Оливия не заметила в Кароле никаких перемен. Но после слов Владимира она пригляделась к нему повнимательней, и ей тоже показалось, что он стал каким-то другим. Немного поговорив с друзьями, Карол вскоре ушел, сказав, что у него «куча всяких глупых дел» и что завтра он придет к ним на весь день. Поселился он там, где всегда. Когда дверь за ним захлопнулась, Оливия и Владимир некоторое время молчали.
— Оливия, — торопливо заговорил, наконец, Владимир, не глядя на нее, — прости меня, я был с тобой груб. Но ты должна сама решить, что для тебя лучше. Я понимаю, что для тебя все это очень тяжело.

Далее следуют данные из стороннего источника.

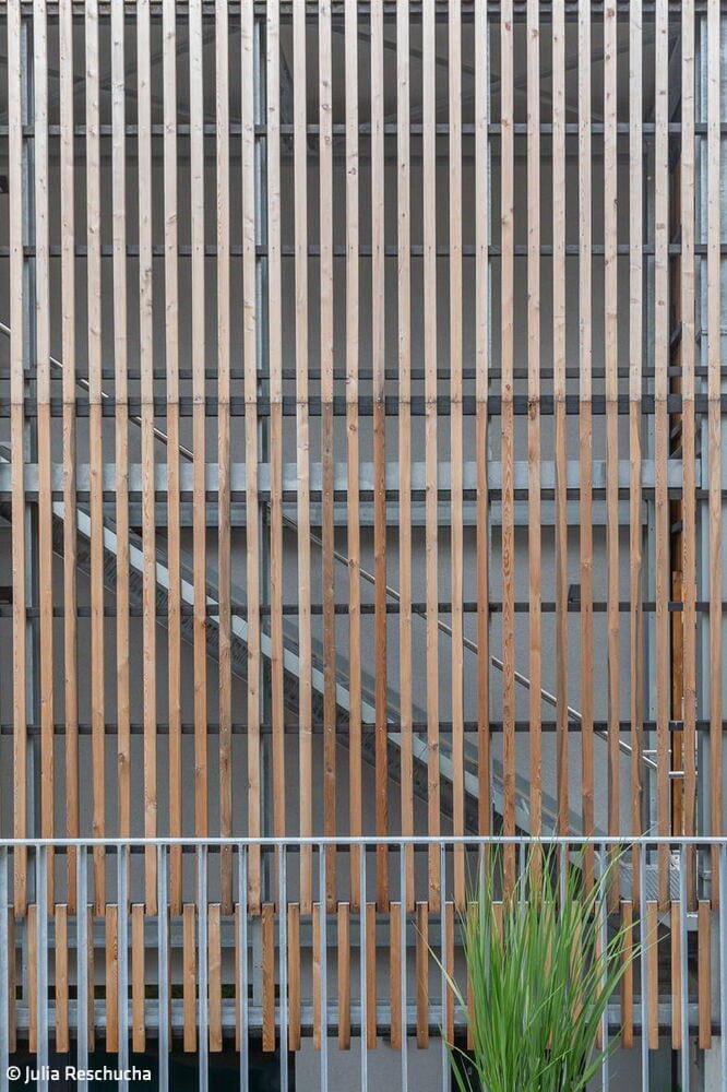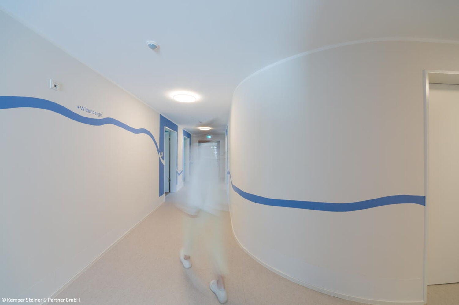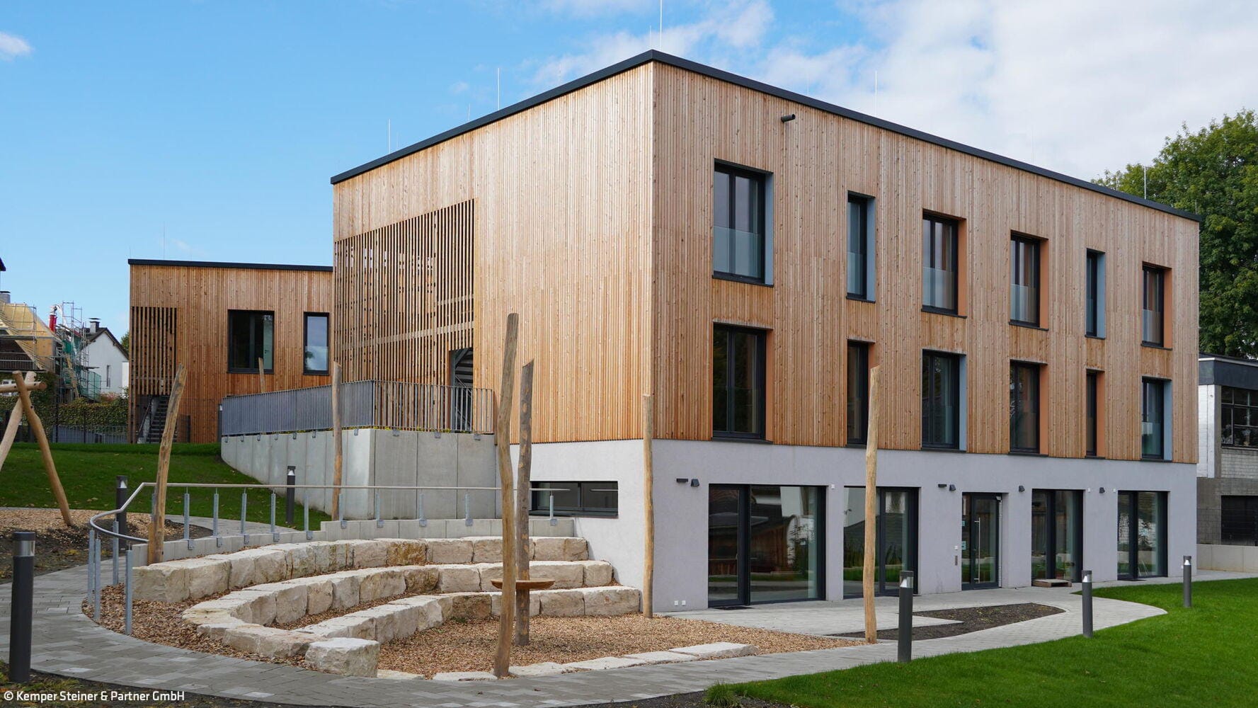 Der Neubau präsentiert sich mit einer klimafreundlichen, warmen Holzfassade und liegt südöstlich der Bochumer Innenstadt. Straßenseitig weist das Gebäude eine Rundung auf, in der sich der einladende Eingangsbereich befindet, um sich dann wie ein umgekehrtes „U“ zu entfalten. Dadurch entsteht ein geschützter Außenbereich, der verschiedene Spielmöglichkeiten und Erholungsflächen bereithält. Zweigeschossig geplant, sorgt eine starke Hanglage des Gebäudes für ein Souterrain, das als stützendes Element fungiert. Es ist mit einer Putzfassade versehen, wohingegen das restliche Gebäude in eine hinterlüftete Fassade mit unbehandelter Lärche gehüllt ist, die eine einladende und beruhigende Wirkung ausstrahlt. Auf rund 1.000 m² Nutzfläche finden 16 rollstuhlgerechte Zimmer inklusive Bad, zwei Elternzimmer mit Bad, ein Pflegebad mit höhenverstellbarer Pflegewanne sowie Gemeinschaftsflächen mit angrenzender Küche Platz. Zusätzlich gibt es einen Raum der Begegnung, einen Snoezelraum für Entspannung und Therapie sowie einen Kreativraum. Im Souterrain befinden sich eine große Küche, die sich für Kochkurse mit den Kindern eignet, ein Bewegungsbecken und Büros. Die Gebäudeform setzt sich in sanften Rundungen fort, die die Barrierefreiheit für mobilitätseingeschränkte Nutzer:innen in Flurbereichen unterstützend beachten. Die warme Farbgestaltung ordnet vier Gruppen getrennten Farbwelten zu, die durch die Auswahl passender Tiermotive unterstützt wird. Sie finden sich in der Wandgestaltung, in Bädern und im Treppenhaus sowie im Aufzug wieder.

Она повернулась к нему и припала лицом к его плечу.
— Если мне и тяжело, так только оттого, что я мешаю, а не помогаю тебе. Для меня это вопрос правого и неправого дела. Как же мне быть?
Владимир привлек ее к себе.
— Объясни, что именно тебя беспокоит? Мне кажется, мы оба бродим в потемках и понапрасну мучим друг друга.
— Видишь ли, ваша борьба кажется мне не только неправой, но и тщетной. Нечего ждать добра, когда на насилие отвечают насилием. Если у власти жестокое и глупое правительство — то тем больше у вас оснований руководствоваться не злобой, а другими, более высокими чувствами. А вы вращаетесь в заколдованном кругу: правительство обошлось с вами зверски, и вы стараетесь отомстить ему; оно наносит удар вам — вы ему. А какая польза от этого народу?
— Дело совсем не в мести: дело в верности.
— Верности вашему делу? Мир не станет лучше оттого, что вы так яростно отстаиваете свою правоту. Я не могу... — У Оливии задрожали губы. — Пока мы не придем к взаимопониманию в таком важном вопросе, нам лучше не думать о женитьбе. Как бы я тебя ни любила, я буду лишь раздражать и огорчать тебя неверием в правоту твоего дела.
Владимир наклонился и поцеловал ее волосы.